• Work instructions
Write out the lines of the material below exactly, beginning at the line with "Above: The opening" and stopping after the line with "A destruição foi", and leave out the pictures.

-------- Records shown

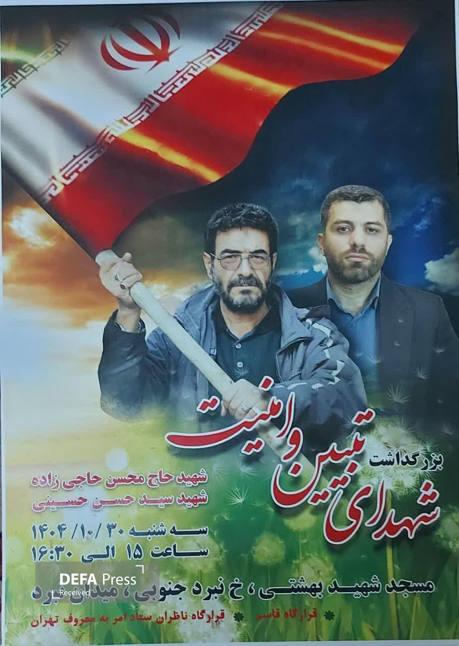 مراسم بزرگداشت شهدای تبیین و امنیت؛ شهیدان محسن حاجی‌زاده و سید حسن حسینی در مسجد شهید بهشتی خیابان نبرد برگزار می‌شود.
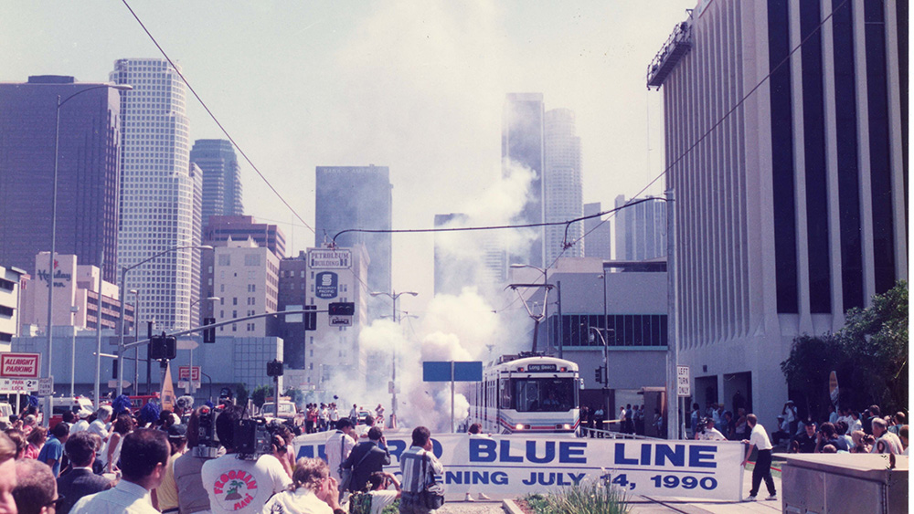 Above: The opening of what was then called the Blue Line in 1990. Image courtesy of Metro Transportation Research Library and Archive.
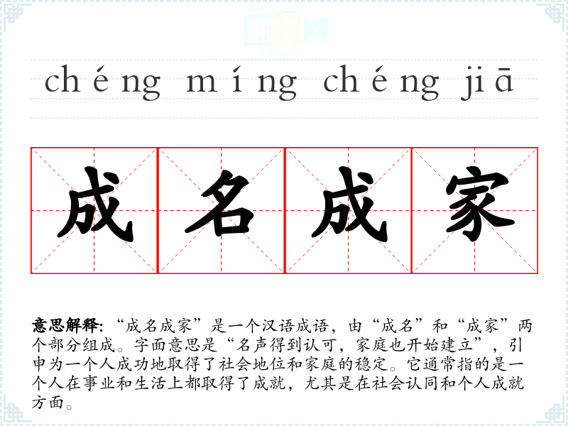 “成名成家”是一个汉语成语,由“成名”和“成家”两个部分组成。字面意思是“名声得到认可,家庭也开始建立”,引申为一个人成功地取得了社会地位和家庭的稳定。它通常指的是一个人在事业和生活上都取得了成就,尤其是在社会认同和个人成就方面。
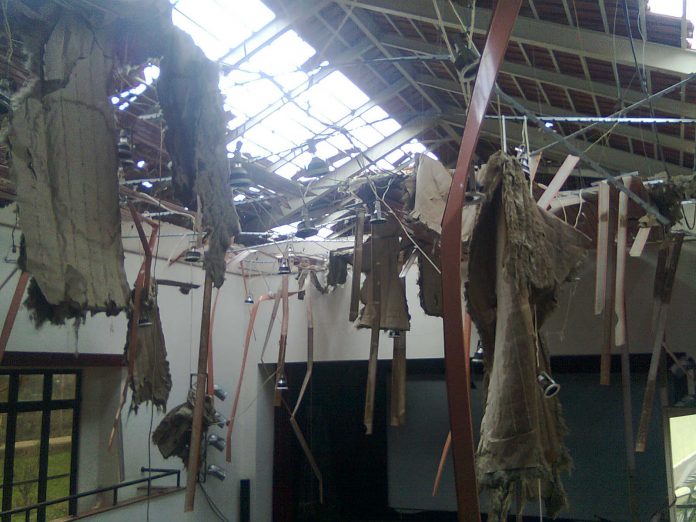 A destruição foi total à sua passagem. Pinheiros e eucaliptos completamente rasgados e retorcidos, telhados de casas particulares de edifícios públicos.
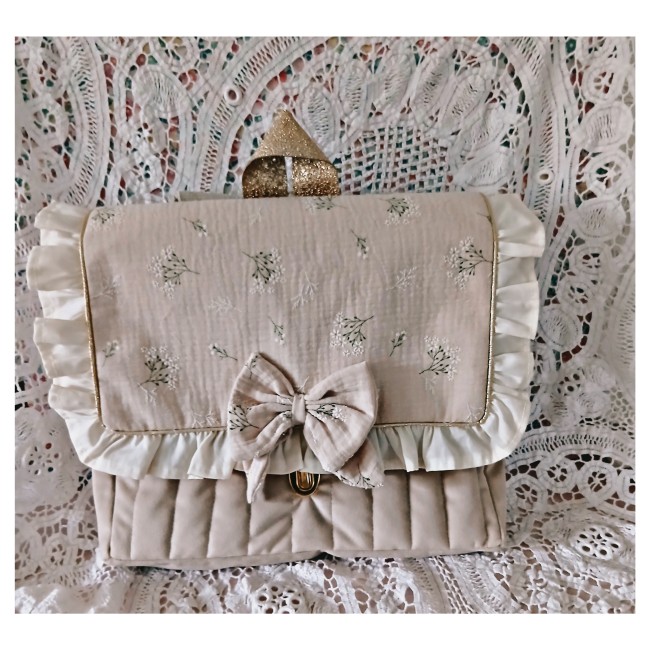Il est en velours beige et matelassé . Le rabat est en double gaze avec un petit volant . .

----------------
-------- Records shown

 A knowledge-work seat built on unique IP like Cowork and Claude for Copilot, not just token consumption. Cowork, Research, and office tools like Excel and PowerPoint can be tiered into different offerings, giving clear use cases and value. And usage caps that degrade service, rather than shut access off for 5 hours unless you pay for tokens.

----------------

• Answer to the problem
 Above: The opening of what was then called the Blue Line in 1990. Image courtesy of Metro Transportation Research Library and Archive.
 “成名成家”是一个汉语成语,由“成名”和“成家”两个部分组成。字面意思是“名声得到认可,家庭也开始建立”,引申为一个人成功地取得了社会地位和家庭的稳定。它通常指的是一个人在事业和生活上都取得了成就,尤其是在社会认同和个人成就方面。
 A destruição foi total à sua passagem. Pinheiros e eucaliptos completamente rasgados e retorcidos, telhados de casas particulares de edifícios públicos.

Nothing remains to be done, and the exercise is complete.